Relying on independent media may explain why Ukrainian marketing specialists, countering Russian pro-war propaganda with anti-war messages sent to Russian and Belarusian audiences on YouTube and Facebook, noticed a dramatic difference in how their messages were received by audiences in Russia and Belarus. While most Russian users rejected their posts as fake news, Belarusians responded with messages of support.

Belarusians will not agree to fight in Russia’s war. According to Chatham House’s poll, only 20 percent have any confidence in their troops actually participating in fighting if they are sent to Ukraine. Seventy-six percent expect Belarusian soldiers to refuse to fight, avoid using weapons, surrender to the Ukrainians, leave the army, or run away.

Sending Belarus’ ill-trained and unmotivated army of conscripts, who are just as likely as not to refuse to fight or surrender, would risk depriving Lukashenka of the support of his own generals and expose him to the possibility of renewed unrest at home. Should the Kremlin insist, he would be between a rock and a hard place. But then, Lukashenka has decades of experience of promising much and delivering little to the Kremlin.

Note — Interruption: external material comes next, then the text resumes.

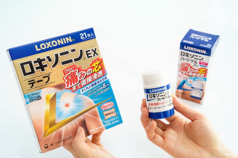 第一三共的LOXONIN鎮痛消炎外用藥系列,是可以輔助緩和這類痠痛而開發出來的,主要含有「洛索洛芬鈉水合物」成分,可起到鎮痛消炎的作用。它主要分為三個系列——LOXONIN EX、LOXONIN S及LOXONIN S溫感系列。LOXONIN EX系列主打可以快速鎮痛,LOXONIN S則是基礎的鎮痛消炎,LOXONIN S溫感則是加入了能促進血液循環的溫感成分,以藉此緩和疼痛。
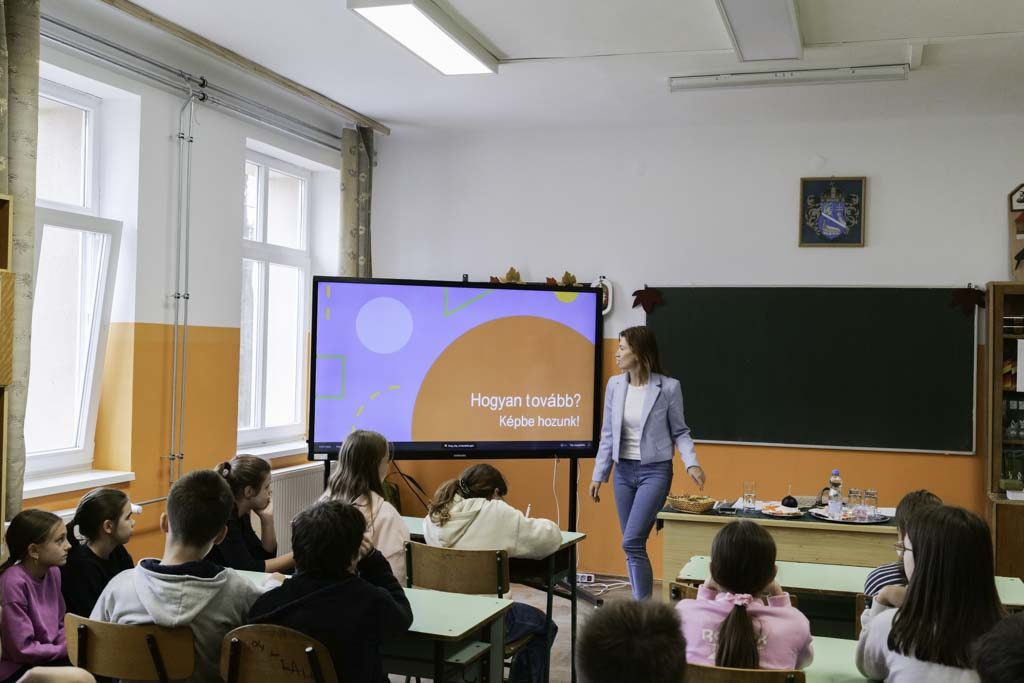 Andrea az 5–8. osztályos diákoknak tartotta tájékoztató előadását, ahol bemutatta a mezőgazdasági szakmákat, továbbtanulási lehetőségeket és a térségünk agrárjellegű középiskoláit. Andrea közvetlen stílusa és barátságos hangvétele azonnal lekötötte a gyerekek figyelmét, miközben megismerhették az agrárvilág sokszínű lehetőségeit. A vetített képek és kisfilmek révén a diákok könnyen elképzelhették, hogyan zajlik a munka a különböző szakmákban, és milyen lehetőségeik lehetnek a jövőben.

This article was one of the top ten most read articles published in 2022.

Dr Natalya Chernyshova is Senior Lecturer in Modern History at the University of Winchester, UK. She has published on Belarusian and Soviet history. During 2020-2022, her research on Soviet Belarus was funded by the British Academy Mid-Career Fellowship. She has also commented on Belarus’ history and current affairs for The Conversation, PONARS Eurasia, History & Policy, History Today and other media. 

This article is published under a Creative Commons Licence and may be republished with attribution.